● **EXERCISE**
Emit a verbatim copy of the lines below from the line with "如上表,今年10月份理想品牌" through the line with "근로기준법 제 23조", excluding pictures and everything outside that range.

● **MATERIALS PROVIDED**

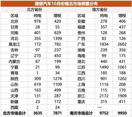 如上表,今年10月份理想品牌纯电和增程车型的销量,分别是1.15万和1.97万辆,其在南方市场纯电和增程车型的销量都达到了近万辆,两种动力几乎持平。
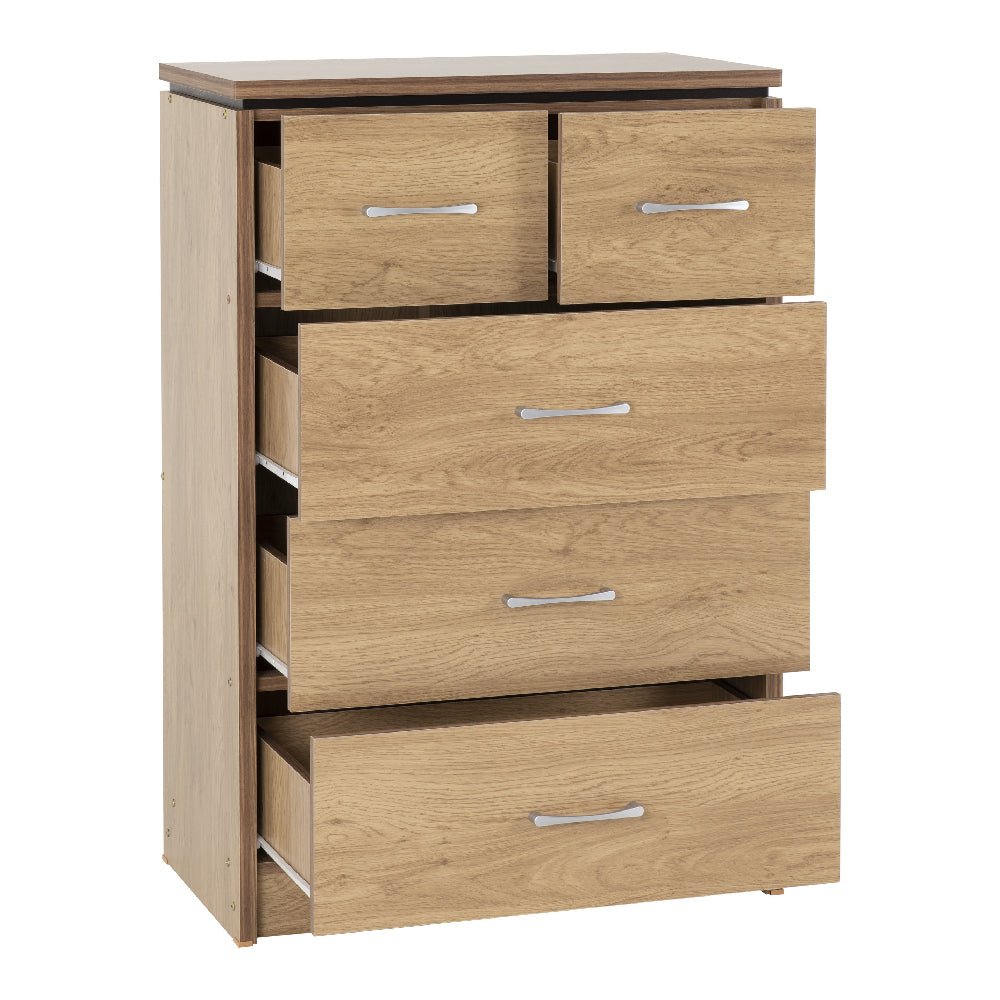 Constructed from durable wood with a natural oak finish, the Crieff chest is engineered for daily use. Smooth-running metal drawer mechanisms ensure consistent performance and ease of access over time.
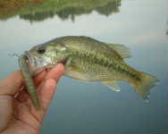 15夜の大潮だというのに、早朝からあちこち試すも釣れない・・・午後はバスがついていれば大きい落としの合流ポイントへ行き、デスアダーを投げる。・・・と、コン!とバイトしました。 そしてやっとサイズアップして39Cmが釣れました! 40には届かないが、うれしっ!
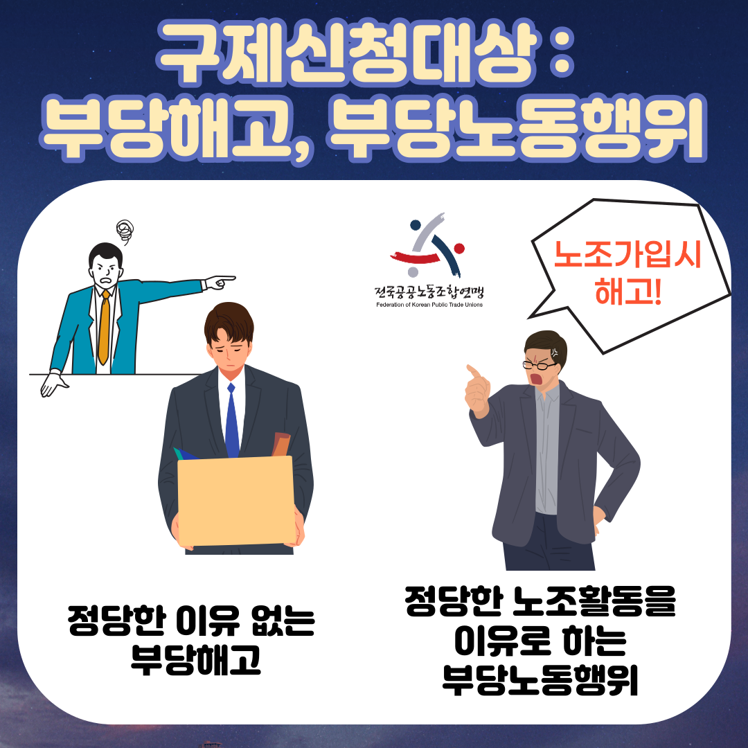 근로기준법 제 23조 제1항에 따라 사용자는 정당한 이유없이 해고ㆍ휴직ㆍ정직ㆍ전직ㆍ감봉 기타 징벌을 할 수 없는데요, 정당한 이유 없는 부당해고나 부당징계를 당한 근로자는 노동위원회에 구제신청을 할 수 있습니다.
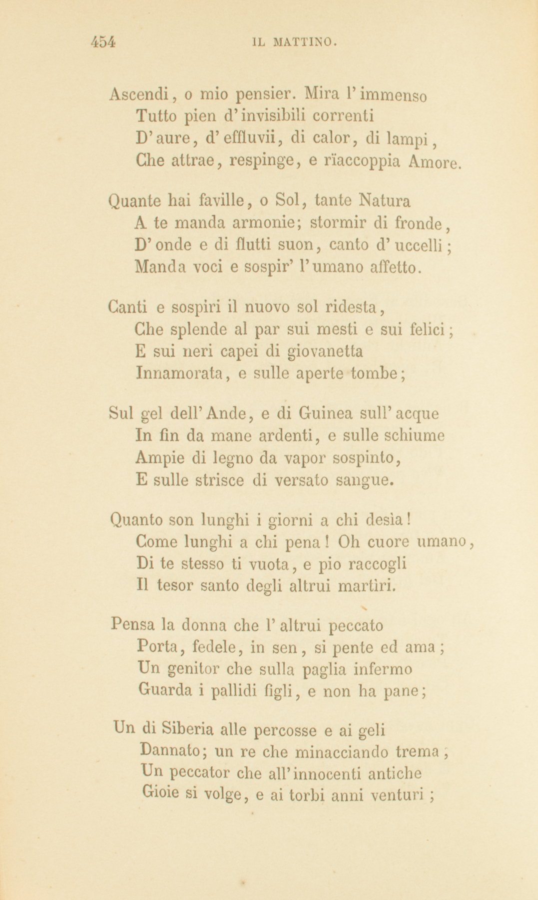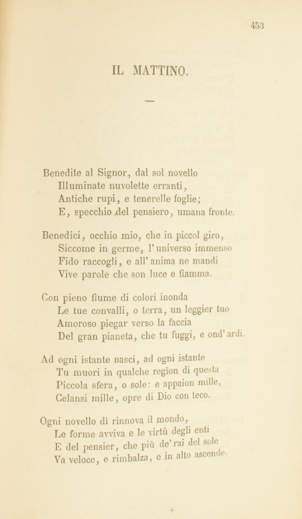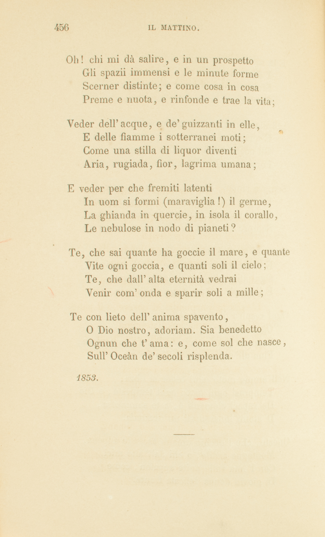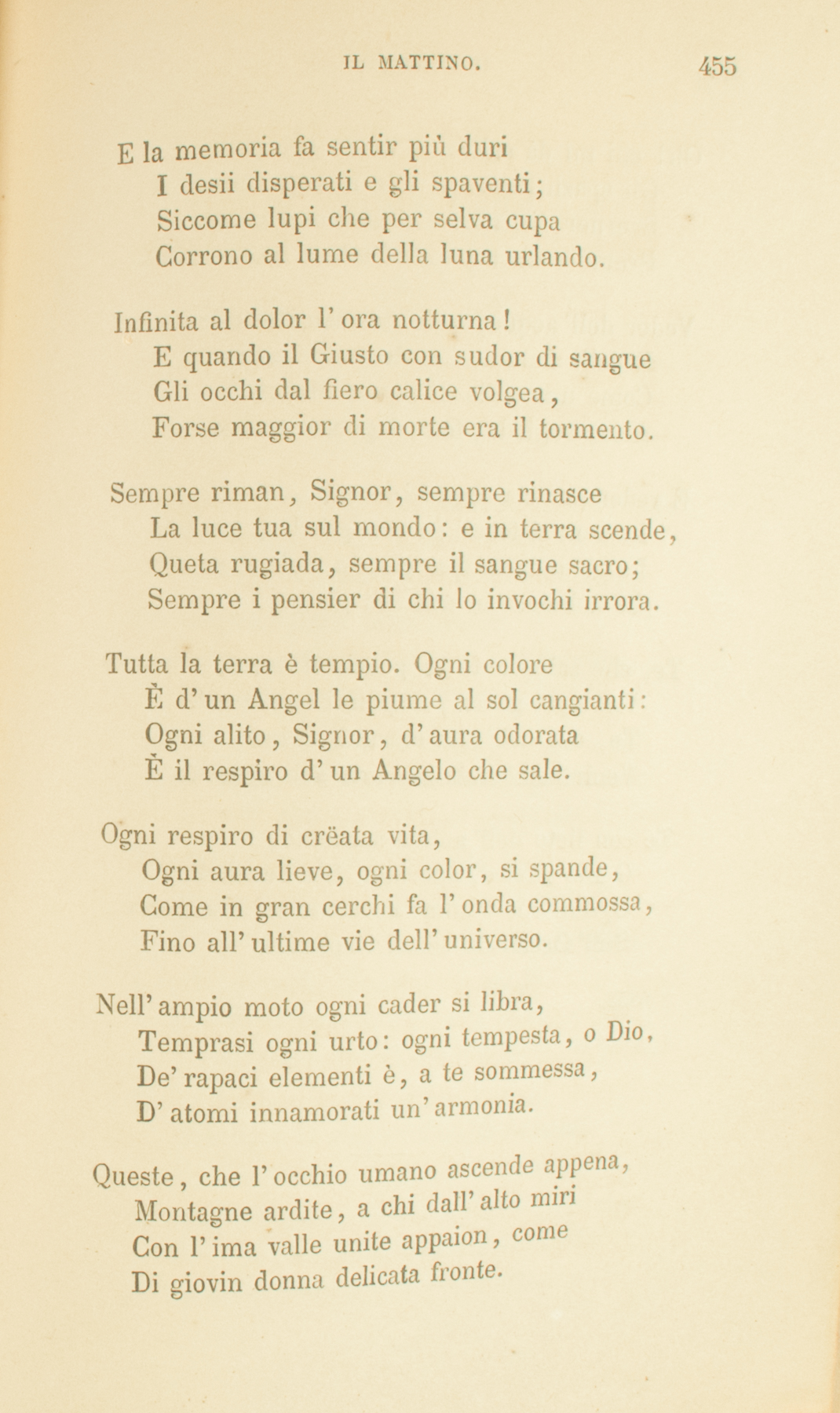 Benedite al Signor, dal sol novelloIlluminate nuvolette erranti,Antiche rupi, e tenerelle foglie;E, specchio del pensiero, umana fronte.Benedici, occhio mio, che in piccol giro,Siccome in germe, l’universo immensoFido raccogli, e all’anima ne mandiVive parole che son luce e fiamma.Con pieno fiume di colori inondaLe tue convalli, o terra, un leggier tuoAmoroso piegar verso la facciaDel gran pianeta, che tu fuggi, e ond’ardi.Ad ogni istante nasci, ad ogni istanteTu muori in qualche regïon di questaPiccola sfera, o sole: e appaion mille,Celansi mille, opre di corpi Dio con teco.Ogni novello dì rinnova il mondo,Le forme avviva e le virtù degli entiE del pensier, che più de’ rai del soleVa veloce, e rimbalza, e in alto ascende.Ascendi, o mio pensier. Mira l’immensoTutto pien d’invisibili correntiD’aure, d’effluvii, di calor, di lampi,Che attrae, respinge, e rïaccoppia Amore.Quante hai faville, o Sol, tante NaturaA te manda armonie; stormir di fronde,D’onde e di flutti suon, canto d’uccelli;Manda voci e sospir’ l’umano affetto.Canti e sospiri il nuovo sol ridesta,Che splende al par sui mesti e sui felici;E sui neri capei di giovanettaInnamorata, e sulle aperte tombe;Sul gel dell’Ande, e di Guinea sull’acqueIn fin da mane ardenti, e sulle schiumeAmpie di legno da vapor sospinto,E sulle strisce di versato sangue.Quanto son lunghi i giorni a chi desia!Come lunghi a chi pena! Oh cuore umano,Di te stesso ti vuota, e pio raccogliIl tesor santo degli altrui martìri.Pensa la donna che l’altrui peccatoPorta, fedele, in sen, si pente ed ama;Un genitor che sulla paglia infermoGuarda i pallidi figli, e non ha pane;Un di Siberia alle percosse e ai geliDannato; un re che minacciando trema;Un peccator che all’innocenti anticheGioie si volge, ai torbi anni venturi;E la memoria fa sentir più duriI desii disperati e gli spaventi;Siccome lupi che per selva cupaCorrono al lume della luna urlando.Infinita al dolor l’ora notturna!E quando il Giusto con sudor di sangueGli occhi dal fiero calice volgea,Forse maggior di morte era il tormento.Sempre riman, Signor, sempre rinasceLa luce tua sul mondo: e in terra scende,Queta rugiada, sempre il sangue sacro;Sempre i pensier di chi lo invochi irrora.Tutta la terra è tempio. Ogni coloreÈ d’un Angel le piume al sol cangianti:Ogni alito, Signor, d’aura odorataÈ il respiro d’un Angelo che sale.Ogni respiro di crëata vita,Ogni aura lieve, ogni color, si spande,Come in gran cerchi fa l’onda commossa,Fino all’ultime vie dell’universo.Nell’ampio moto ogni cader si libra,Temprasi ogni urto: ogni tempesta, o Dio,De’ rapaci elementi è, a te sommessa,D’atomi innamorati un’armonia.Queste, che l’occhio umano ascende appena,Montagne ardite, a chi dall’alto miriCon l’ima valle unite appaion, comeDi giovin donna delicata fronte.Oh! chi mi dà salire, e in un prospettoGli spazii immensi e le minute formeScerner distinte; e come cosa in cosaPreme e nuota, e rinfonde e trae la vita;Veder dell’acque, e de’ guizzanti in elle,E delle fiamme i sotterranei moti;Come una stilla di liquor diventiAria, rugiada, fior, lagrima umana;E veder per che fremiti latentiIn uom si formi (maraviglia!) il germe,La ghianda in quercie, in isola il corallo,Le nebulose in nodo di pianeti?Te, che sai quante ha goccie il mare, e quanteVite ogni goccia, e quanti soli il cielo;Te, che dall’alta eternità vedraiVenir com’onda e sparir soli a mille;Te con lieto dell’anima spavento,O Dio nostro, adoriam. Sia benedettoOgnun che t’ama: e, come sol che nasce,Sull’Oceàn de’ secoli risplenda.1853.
--
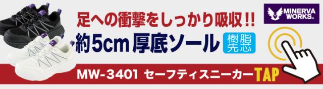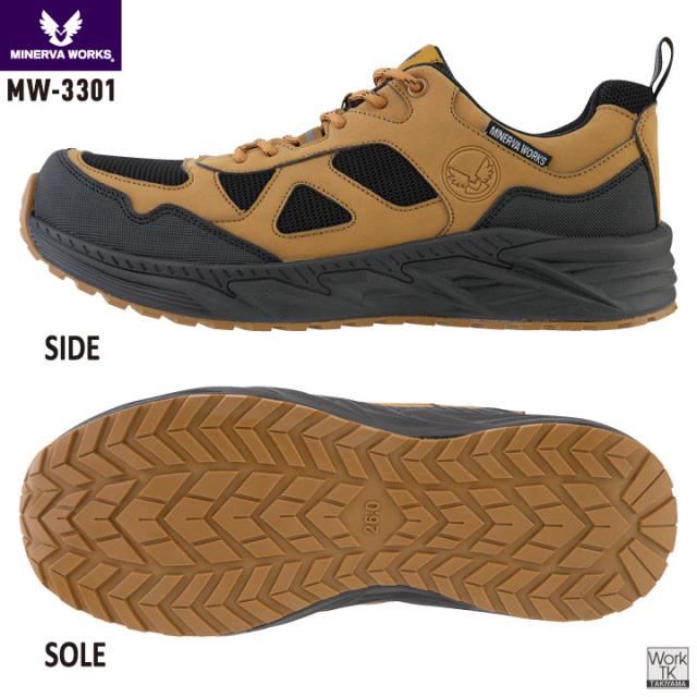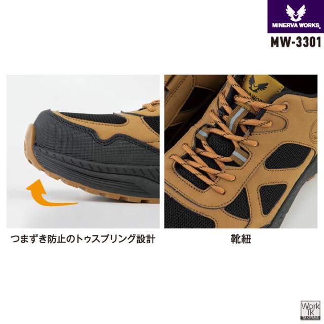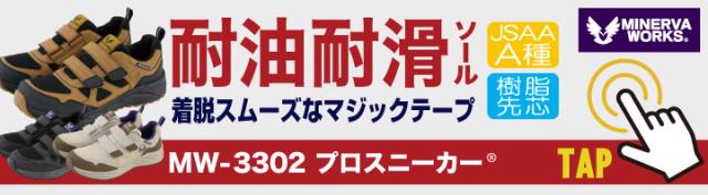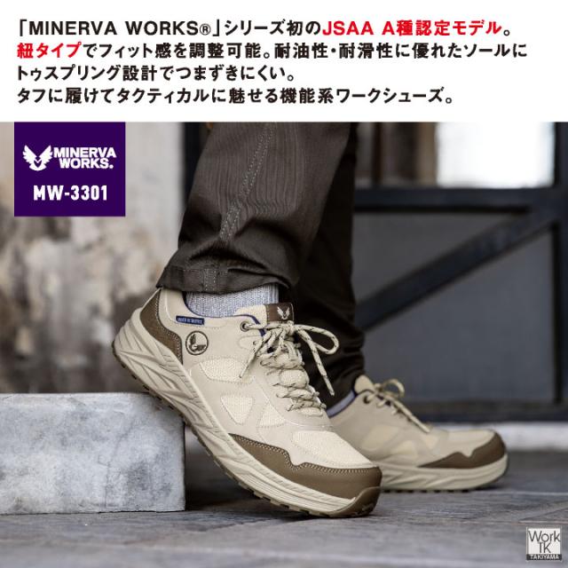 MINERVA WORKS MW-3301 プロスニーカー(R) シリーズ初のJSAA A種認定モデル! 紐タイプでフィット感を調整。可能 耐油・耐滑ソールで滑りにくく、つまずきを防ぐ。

● **RESPONSE**
 如上表,今年10月份理想品牌纯电和增程车型的销量,分别是1.15万和1.97万辆,其在南方市场纯电和增程车型的销量都达到了近万辆,两种动力几乎持平。
 Constructed from durable wood with a natural oak finish, the Crieff chest is engineered for daily use. Smooth-running metal drawer mechanisms ensure consistent performance and ease of access over time.
 15夜の大潮だというのに、早朝からあちこち試すも釣れない・・・午後はバスがついていれば大きい落としの合流ポイントへ行き、デスアダーを投げる。・・・と、コン!とバイトしました。 そしてやっとサイズアップして39Cmが釣れました! 40には届かないが、うれしっ!
 근로기준법 제 23조 제1항에 따라 사용자는 정당한 이유없이 해고ㆍ휴직ㆍ정직ㆍ전직ㆍ감봉 기타 징벌을 할 수 없는데요, 정당한 이유 없는 부당해고나 부당징계를 당한 근로자는 노동위원회에 구제신청을 할 수 있습니다.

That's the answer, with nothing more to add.